Lucy turned her gaze away from staring out the window and faced forward, ready for what lay ahead.
MOREHEAD, KENTUCKY
AS LUCY LIFTED HER HAND to knock on her cousin’s office door, she paused to take in the nameplate: CORA WILSON STEWART, SUPERINTENDENT OF ROWAN COUNTY SCHOOLS. She hadn’t seen much of her father’s favorite cousin in the last few years since she’d been elected as the first female superintendent in eastern Kentucky. Voted in by a substantial majority. Lucy would have voted for Cora, if women could vote. Father wouldn’t have.
Lucy drew in a deep and satisfying breath, at least as much as the tight strings in her corset would allow. She hadn’t felt this sense of freedom, this sense of possibility, for a very long time. She was excited. Nervous! She had butterflies.
“She’s not there.”
Lucy spun around to see a man sitting on a chair on the other side of the hall, one leg crossed over the other, his eyes focused on an open leather-bound book that rested on his knee. A hole was on the sole of his worn-out shoes, and his clothes were shabby. She’d been so focused on finding the right door to Cora’s office that she’d only been dimly aware of him as she walked down the hall. “Are you waiting to see Mrs. Stewart?”
“Miss Cora? Indeed I am.”
“How
long have you been waiting?”
He gazed out the window at the end of the hall. “’Bout an hour.” He set his book—a Bible—on the empty chair next to him, rose to his feet, removed his hat, and folded it to his chest. “When Miss Cora does return, I promise to be quick about my errand.” He extended his hand. “Folks around here call me Brother Wyatt.”
Lucy took his hand, which had strength to it. She blinked, regarding this man: he was younger than she first assumed, his nearly black hair flowed in ill-kempt waves in need of a cut. His face was etched, with sharp, angular cheekbones. Gray downturned eyes crinkled at their edge in crow’s-feet. Unlike the young men in Lexington, he wore no trimmed mustache. No muttonchop side whiskers. “Are you a circuit preacher?” Father was not a fan of what he derisively called saddlebag preachers. Always looking for handouts and free meals, he said.
“Not intentionally, though there are times the Lord has asked me to preach his Word. But my true vocation is a singing school master.”
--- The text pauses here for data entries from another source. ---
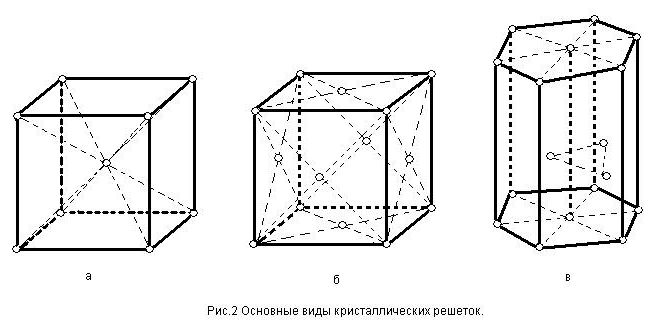 На рис. 2 изображены элементарные ячейки для наиболее распространенных кристаллических решеток. В кубической объемно-центрированной решетке (рис. 2, а) атомы расположены в ушах ячейки и один атом в центре куба.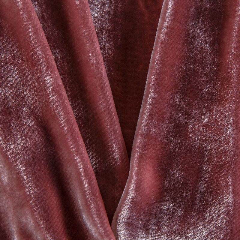 Итальянский бархат из шелка и вискозы. Ткань средней плотности, мягкая и гладкая на ощупь, с легким блеском, хорошо драпируется, струится. Идеальна для пошива платья, юбки, костюма в пижамном стиле, кимоно, туники.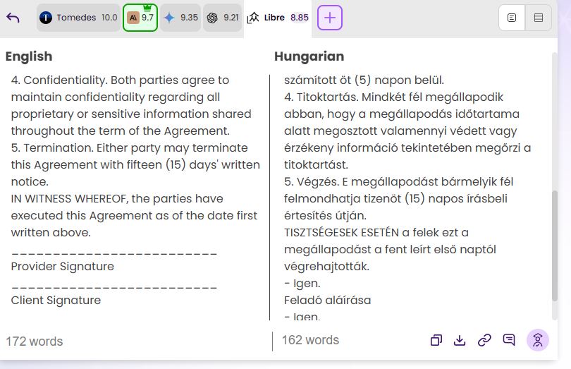 თქვენ შეგიძლიათ ზუსტად აირჩიოთ, რომელი ხელოვნური ინტელექტის ძრავები გამოიყენოთ, თითოეული მათგანი შესაბამისობის სტატუსით იქნება მონიშნული. ჯანდაცვის, ფინანსური თუ იურიდიული სფეროს წარმომადგენელი ხართ, სრული კონტროლი გაქვთ. და სეგმენტირებული ორენოვანი ხედი საშუალებას გაძლევთ გადახედოთ თარგმანებს სტრიქონ-სტრიქონი, რაც აუცილებელია ხარისხის უზრუნველყოფისთვის.

She’d never heard of such a thing and wondered if he was making it up.
“I didn’t catch your name.” He gave her a smile, his first. She thought it an oddly poignant one.
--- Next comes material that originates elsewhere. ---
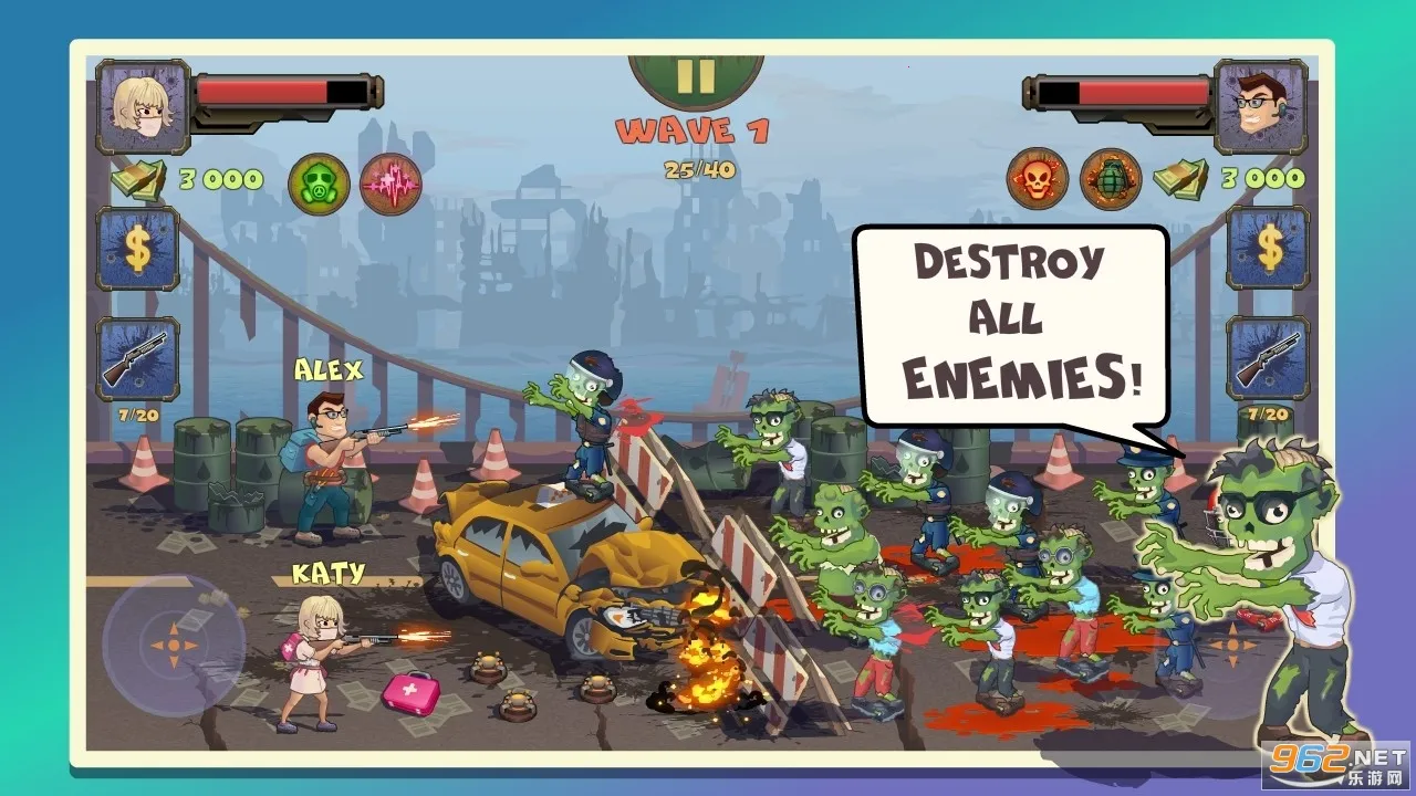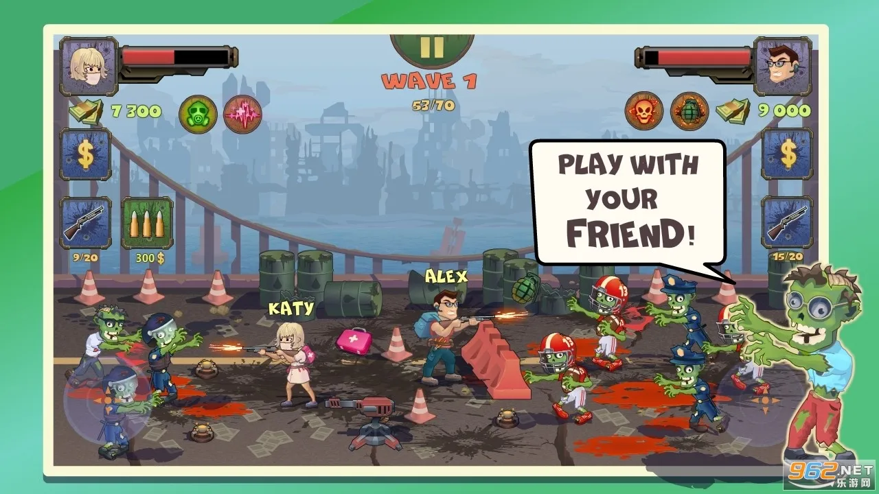 两个人与僵尸免费版是手机角色扮演游戏,人物场景立体,武器系统丰富。玩家要与伙伴联手对抗僵尸,操作简单射击刺激。新版玩法有资源管理合作等,特色是Q萌画面,优点是合作独特、画面音效精美、难度具挑战性。

“My name? Lucy. Lucy Wilson.”
“And what brings you to Miss Cora’s door today?”
Lucy never liked to give a quick answer to anything. She mulled it over and came up with a clear response that she hoped would discourage more questions. “I’ve come for an employment opportunity with Mrs. Stewart. She’s desperately in need of assistance.”
Brother Wyatt’s smile faltered, but then he found it again. “Well,” he said, trying to recover from his surprise, but his skepticism was hard to miss. “Well”—he cleared his throat and tried again—“this should be quite . . . an adventure for you.”
“What makes you say that?”
His gaze swept her from head to toe. “Miss Cora is not known for coddling her teachers.”
Coddling? “I’m not here to teach, but to assist Mrs. Stewart,” she said, sounding much braver than she felt. “Short term. Only six months.” Six short months.
“Two of my favorite people!” came a shriek down the hall. “Lucy! Dear girl!” Striding toward her came Cora, arms outstretched to give her a maternal embrace.